Alimentum, Cambridge

Finally – a foodie oasis in Cambridge’s wasteland of chain pizza restaurants and noodle bars. Alimentum, which has just received three well-deserved AA rosettes, fills me with a sense that perhaps things in this town aren’t really so bad after all; here, at last, is a restaurant which pays the attention to detail you really want to see in a fine-dining joint.

A few factors make Cambridge a disaster for those looking for a good meal. Almost all the commercial property is owned by the colleges, who keep rents high – as a result, chain restaurants are the most likely to find pitches in the city viable. We’ve got a very fluid population, with students appearing and then disappearing for half the year, and tourists filling the town to bursting point in summer, then buggering off again.
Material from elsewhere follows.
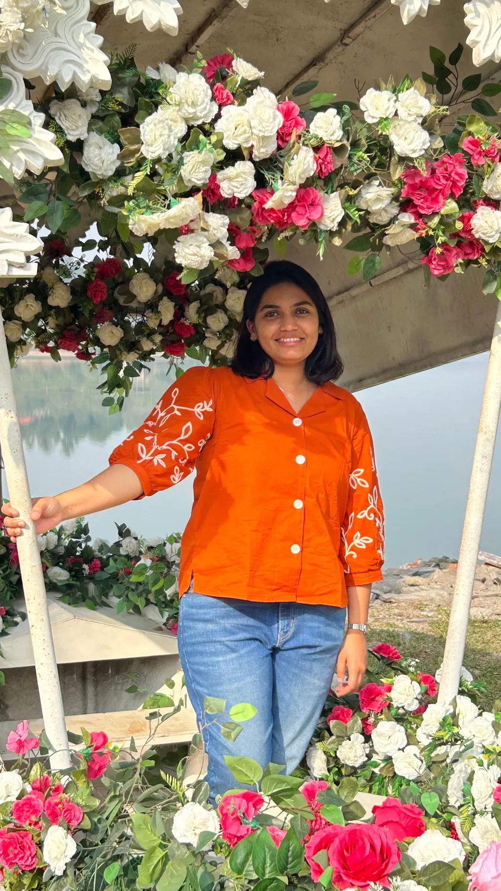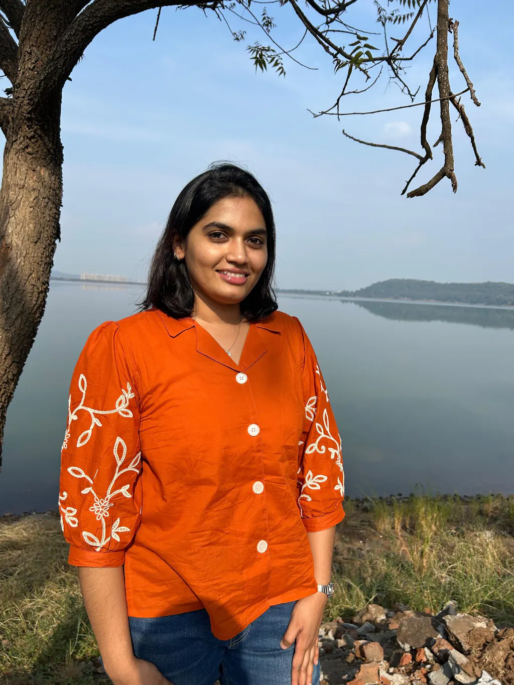 Orange Cotton Embroidered Shirt for Women

The size and employment clout of the university means that most of those applying for work in restaurant kitchens often come with experience of working in a college buttery and nothing else – worlds away from the magic going on in kitchens like that at Alimentum. I very seldom eat in the city – London is only 45 minutes away, and there I can find the sort of restaurants I like.
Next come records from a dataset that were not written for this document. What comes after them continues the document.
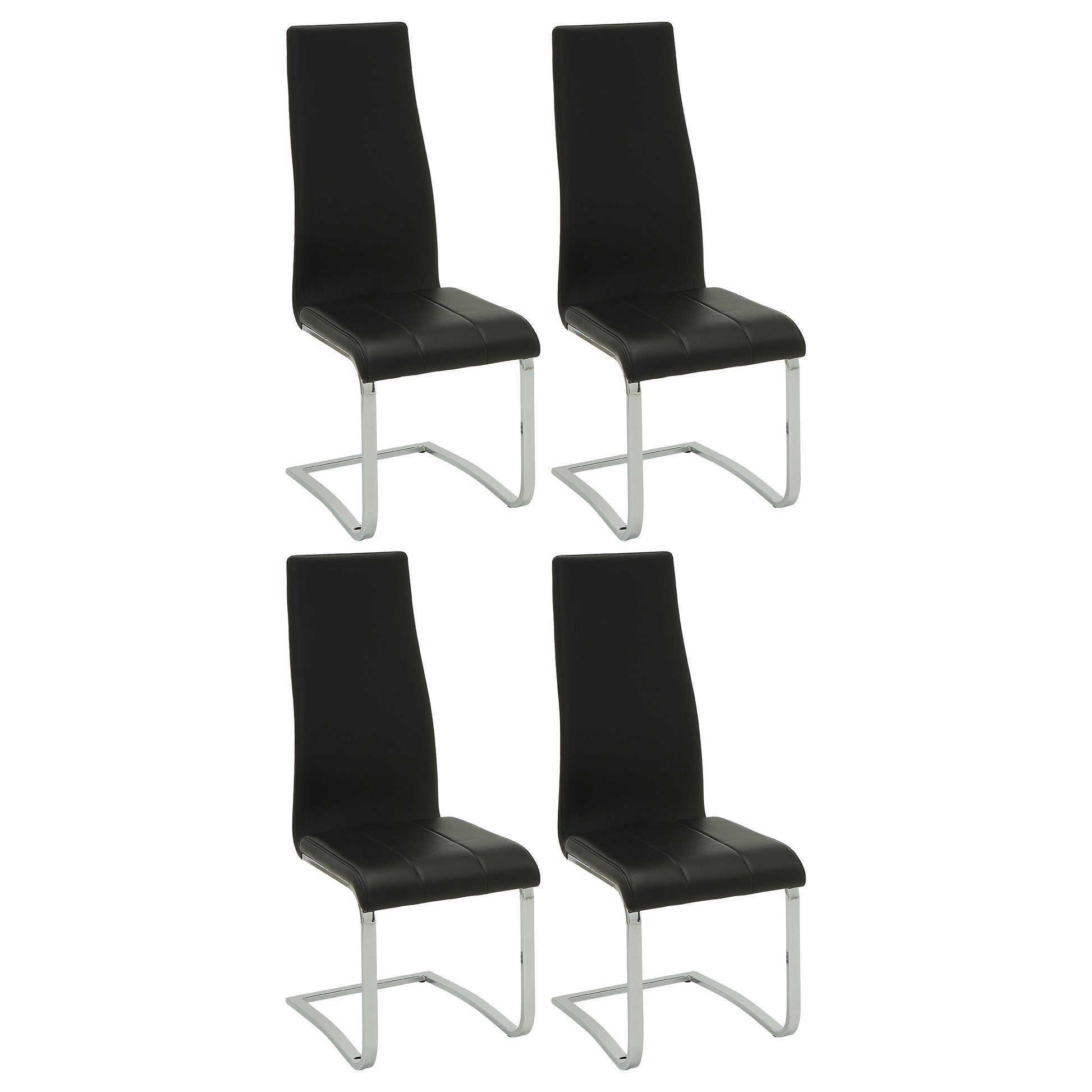 Bring sleek sophistication to your dining area with this high-back side chair in rich black leatherette. The iconic Breuer-inspired silhouette is paired with a cantilever chrome base for a clean, modern look. Designed for comfort, the ergonomic backrest offers excellent support, while the armless frame provides an open, contemporary feel. A perfect fit for minimalist, modern, or industrial-style dining spaces.
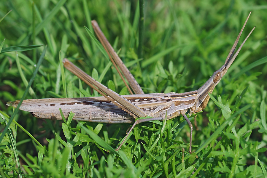 Также, как и на предыдущем фото, пришлось осторожно спугнуть насекомое, чтобы оно перепрыгнуло на сочную зелёную травку.
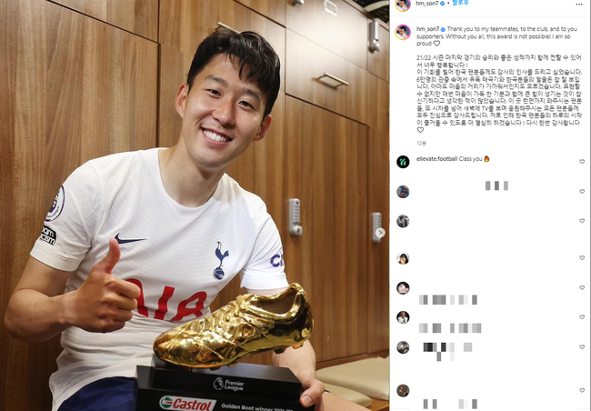 경기 후 손흥민은 자신의 인스타그램에 한국 팬들에 대한 감사 인사를 남겼다. 그는 "마지막 경기와 좋은 성적을 전할 수 있어서 너무 기쁘다"라고 입을 열었다.
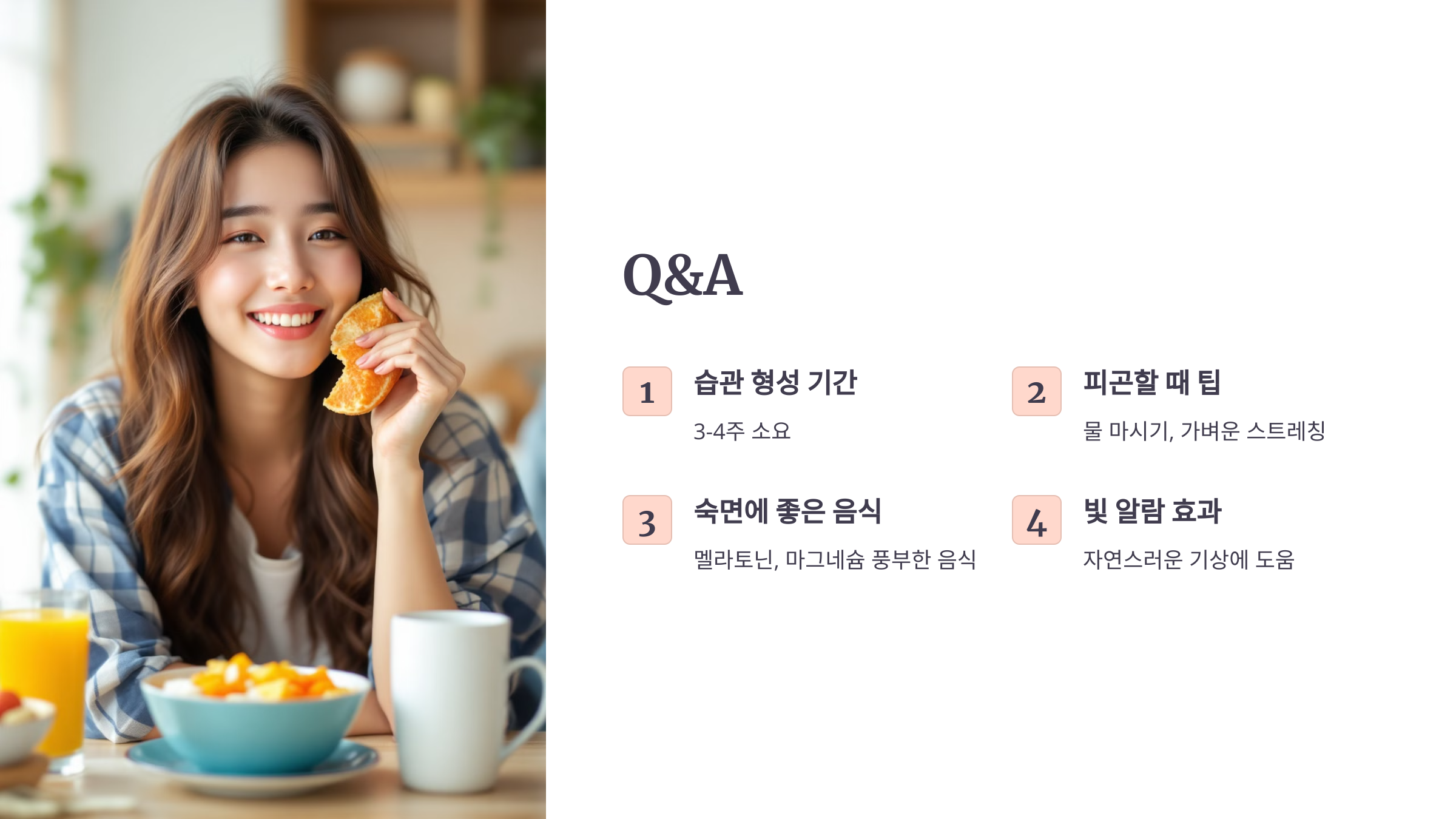 보통 새로운 습관이 자리 잡기까지는 3주에서 4주가 걸려요. 꾸준히 시도해보세요! - 아침에 너무 피곤할 때는?

Alimentum has turned things on their head – Londoners are coming to Cambridge for supper, because Alimentum is only 45 minutes from King’s Cross.
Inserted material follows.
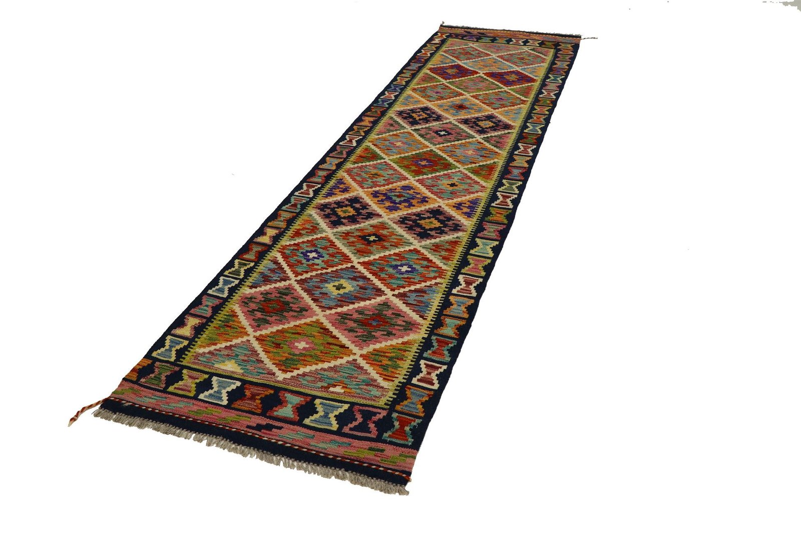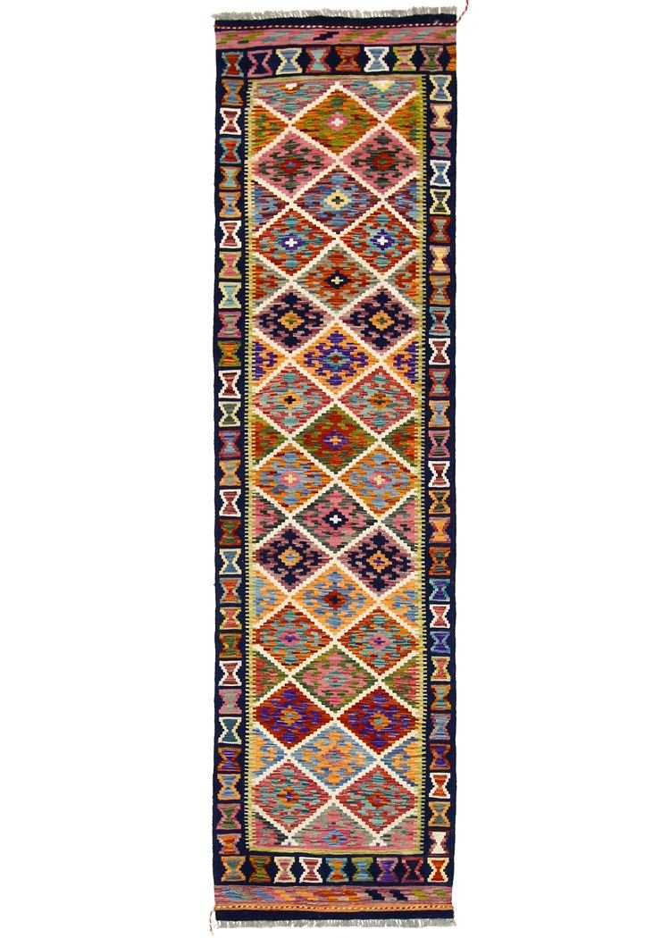 Kilim rugs differ fundamentally from hand-knotted rugs in that they are hand-woven, do not have a high wool pile and are often flatter and rougher. This makes them cheaper to produce. Another advantage is their lower weight and the fact that they can be used on both sides. Originally from Persia, kilims are now also widely produced in Afghanistan. They are characterised by simple, linear patterns created by their special weaving technique.

The restaurant is run with a strict ethical ethos. This means local, ethically raised meats from farms which are visited by the restaurant owner. Used oil which is collected and turned into biodiesel; dishwasher water which is recycled and used for heating. There’s a Crustastun unit in the kitchen which is used to humanely kill crabs and lobsters, and even the furniture in the beautiful deco dining room is ethically sourced. All this and fantastic food – it’s glorious to be able to indulge yourself and save the world all at once, as you sip your cocktail through a biodegradable straw.

I started with some crisp-skinned, honeyed quail, served off the bone with a savoury little breaded croquette of risotto. Every preparation on the menu is intricate, but showcases each main ingredient – a main course of beef used the brisket, cooked until gelatinous then shredded, pressed, breaded and fried until golden. The fillet, cooked to a juicy medium-rare with a savoury crust, was cut into thick slices and perched on top, everything bathed in an unctuous demi-glace. This is good, good stuff, deeply beefy and gorgeous on the plate and on the tongue.

Dessert was a jelly made from local strawberries. Not too sweet, and intensely fragrant, it arrived in a pyramid, each side tiled with a sliver of Valrhona chocolate, drizzled with an intense 30-year-old balsmic vinegar. If pudding could sing, this would have been belting out Mozart operettas. There’s also a great (and wonderfully stinky) cheeseboard, which the charming waiting staff will talk you through.

This was a tough menu to choose from; everything sounded tempting, and every diner at my table had a plate I just had to pinch something from. The restaurant’s signature slow-cooked belly pork with pig parts was heartbreakingly, stickily, cracklingly good. The wine list (which, along with the frequently changing menu, is available on the restaurant’s website) is terrific, and the Malbec we selected was a fantastic pairing. Cocktails are also really good fun: my favourite was The Cucumber Number, with Hendrick’s gin, cucumber, raspberries and Framboise liqueur.

It’s worth checking the restaurant’s website for their various special deals – if you book for the Tuesday jazz night, you might see me there.

4 Replies to “Alimentum, Cambridge”

  1. Sounds expensive; but hell, you get what you pay for.

    I live in north west Scotland where we have spectacularly good eateries using locally sourced shellfish, beef, lamb, and game. Expensive, yes, but it’s worth paying more for quality than settling for the mediocre stuff doled to out to coach party tourists.

  2. It is pricey, but I feel very strongly that you’re paying for impeccable ingredients and some really pretty fiddly (not to mention spectacular) work in the kitchen. There are less expensive ways you can eat there – a pre-theatre menu, and I think they do a reduced-price prix fixe on Mondays. Bugger the credit crunch – we can always just not order any wine if we’re feeling poor.